# como hacer capturas con el pic16f877



## raul marquez (Oct 16, 2007)

hola a todos;

amigos estoy tratando de realizar un proyecto con el pic16f877, pero no entiendo como debo hacer las capturas osea no se como trabaja el modulo CCP en modo captura.
gracias por la colaboracion que me puedan prestar.


----------



## Ardogan (Oct 17, 2007)

Hola Raul. Según tengo entendido los módulos de captura toman el valor de un temporizador (un timer) cuando se presenta un evento en un pin configurado en modo de captura.
Con eventos me refiero a flanco ascendente, descendente, nivel alto, bajo.
El modulo de captura trabaja en conjunto con un temporizador (es decir, un contador cuya entrada de pulsos proviene de los pulsos de reloj del PIC, con opción de pre-escala).
Entonces, cuando ocurre un evento en el pin de captura (flanco ascendente por decir algo), se copia el contenido del temporizador a un registro específico (CCPR1).
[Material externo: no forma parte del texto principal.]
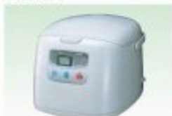
電気炊飯ジャー1升 ※その他、玉合数あり。4.4kgです。
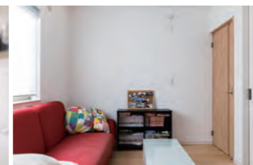
子供部屋は和室と繋がっています
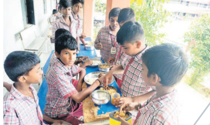
ఇంటి నుంచి తెచ్చుకున్న భోజనం తీసుకున్న విద్యార్థులు

ర్షలను ఖండించారు. ఎటువంటి కెమికల్స్ గానీ, రసాయన పదార్థాలు వినియోగించడం లేదని స్పష్టం చేశారు. పాల్యూషన్ కంట్రోల్ బోర్డు అనుమతులతో శాస్త్రీయంగా పర్యావరణానికి ఎటువంటి హాని లేకుండా పాలు, పాల పదార్థాలు ప్రాసెస్ చేస్తున్నామని తెలిపారు. బాయిల్ చిమ్నీ ద్వారా బూడిద పైకి వస్తుందనీ, పొగ వ్యాప్తి జరుగుతుందనీ చేసిన ఆరోపణను కొట్టిపారేశారు. చిమ్నీ బూడిద ద్వారా పొగ బయటకు వ్యాప్తి చెందదనీ, ఇది కూడా పాల్యూషన్ కంట్రోల్ బోర్డు సూచన మేరకు నడుస్తుందన్నారు. పాలు, ఇతర పదార్థాల తయారీ ప్రాసెస్ నిమిత్తం వినియోగించే నీటిని ఎంప్లయింట్ ట్రీట్మెంట్ ప్లాంట్ (కాటిజ్) ద్వారా శుద్ధి చేస్తూ తిరిగి డెయిలీ అవసరాలకు వినియోగిస్తున్నామనీ, దీని వల్ల ఎలాంటి గ్రౌండ్ వాటర్ పాల్యూషన్ కాదనీ స్పష్టం చేశారు. డెయిలీ పై లక్ష మంది పాడి రైతుల ఆధారపడి ఉన్నారనీ, ఈ నేపథ్యంలో డెయిలీపై అసత్య ఆరోపణలు చేసే వారు ఒకటి రెండుసార్లు ఆలోచించుకోవాలని సూచించారు. డెయిలీలో ప్రతి పని నిబంధనలకు లోబడి మాత్రమే ఉందనీ, అసత్య ఆరోపణలను ప్రజలచేర్చారా నమృతద్దిన విజ్ఞప్తి చేశారు.
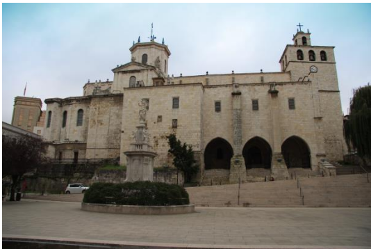
Katedralen i Santander

I Santander bor du första natten i ett lugnt område som ligger lite utanför den stressiga innerstaden. Utanför hotellet har du en av de långa sandstränderna som är ypperlig för bad eller bara en lugn och fin promenad. Hamnstaden Santander är huvudstaden i regionen Kantabrien och den är utbredd över ett stort område. Vill du se mera av innerstaden och besöka katedralen innan du startar din vandring så kan du antingen följa den långa hamnpromenaden till fots eller ta en av de många lokalbussarna in till centrum.
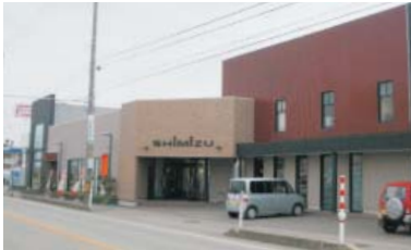
シックで落ち着いた雰囲気のある店舗
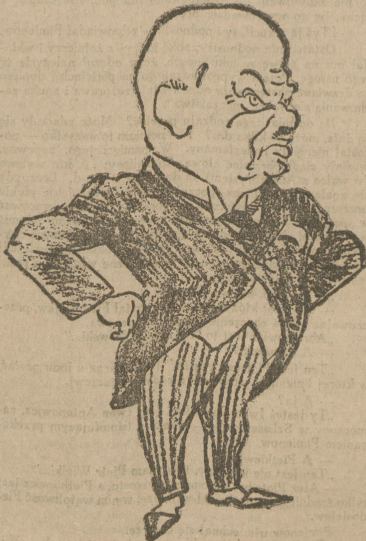
Stresemann, niemiecki minister spraw zagranicznych.
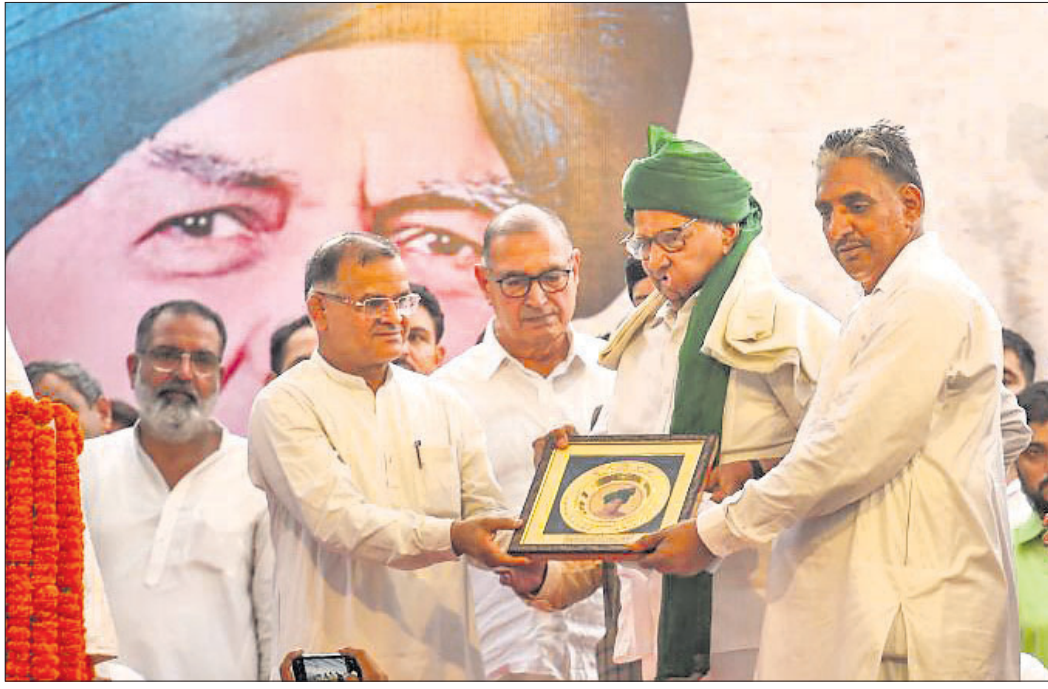
ଆଇଏନଏଲ୍‌ଟି ପକ୍ଷରୁ ଆୟୋଜିତ ରାଲିରେ ଏନ୍‌ସିପି ଅଧ୍ୟକ୍ଷ ଶରଦ ପାଞ୍ଚାରିଙ୍କୁ ସମର୍ଥନ କରାଯାଉଛି।
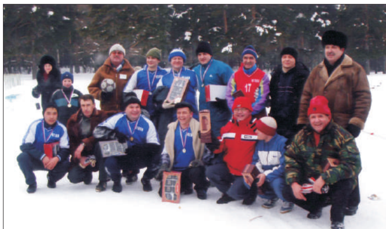
Футбольная команда музыкально-педагогического факультета и сборная академии на спортивном празднике ЧГАКИ
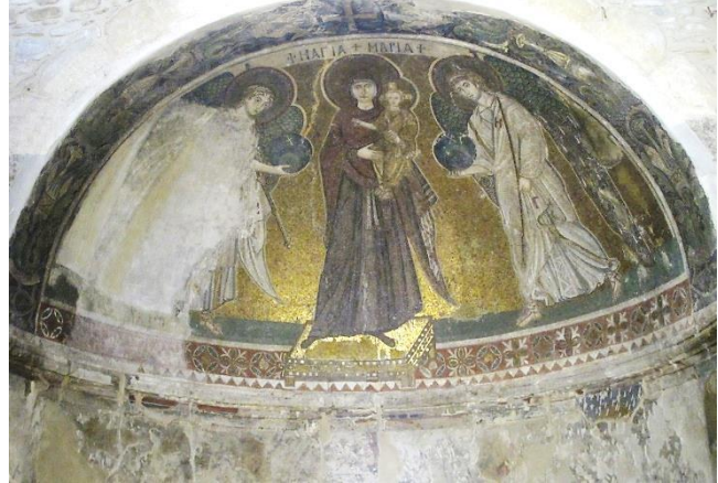
Η μεσοβυζαντινή Παναγία η Αγγελόκτιστη με το ψηφιδωτό του δέκατου αιώνα
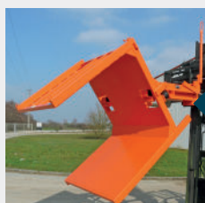
Versión especial con caja de chapa
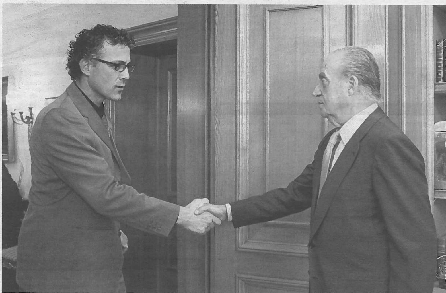
El diputado de Amaiur Xabier Mikel Errekondo estrecha la mano de Juan Carlos I, en la audiencia concedida por la mañana en La Zarzuela.

del empleo eventual: según fuentes sindicales, habrá un exceso de 250 personas (quedan en la actualidad unos 550 eventuales de los 2.050 que llegó a tener la planta). La producción prevista es la más baja desde 2009, pero también la cuarta mejor de la historia de Landaben. PÁGINA 49
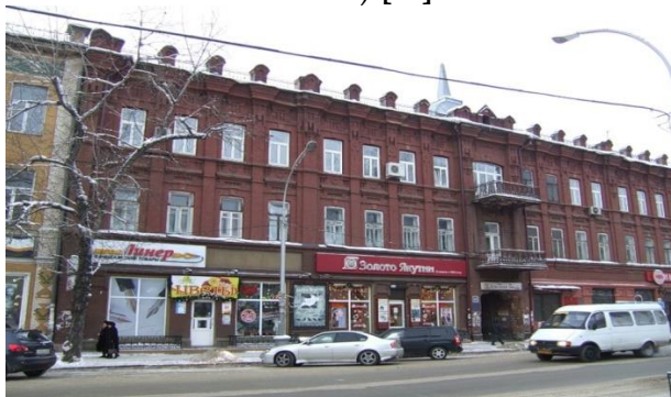
Рис. 4. Здание Торгового дома Шафигуллиных на улице Большой (ныне ул. К.Маркса) в Иркутске. Современный вид

Шафигуллины начали строительство трёхэтажного дома по ул. Большой. На первом этаже помещалась мастерская и магазин «Торговый дом братьев Шафигуллиных – Шайхуллы, Загидулла и сыновья». В верхних этажах размещались доходные квартиры с водопроводом. Сейчас это дом № 37 по ул. К. Маркса (рис. 4) [2].

También se genera una interrupción, que la podés usar o no según lo que quieras hacer.

La aplicación más básica es para medir ancho de pulso de un tren de ondas cuadradas (rectangulares más bien).

Pueden ser una alternativa a un pin de entrada analógica, si uno transformadorrma el nivel de tensión que quiere medir a un tren de pulsos de frecuencia fija y de ancho de pulso variable (proporcional al valor de la señal).

También te puede servir para medir período (como si fuera un frecuencímetro).

en fin, cualquier señal de la que quieras medir parámetros temporales.

Saludos


----------



## raul marquez (Oct 17, 2007)

hola Ardogan,
bueno todo lo que me dices es cierto, pero el problema es que no se que tiempo o periodo me da el timer si por ej mi prescala es de 1 y cuando activo el timer el pulso comienza cuando se esta terminando el ciclo o modo que haya escogido, no se como funciona y nose si la captura en este caso me dara errada, mas o menos ese es el problema que tengo, si tienes al gun ejemplo que pueda servirme de guia te lo agradeceria.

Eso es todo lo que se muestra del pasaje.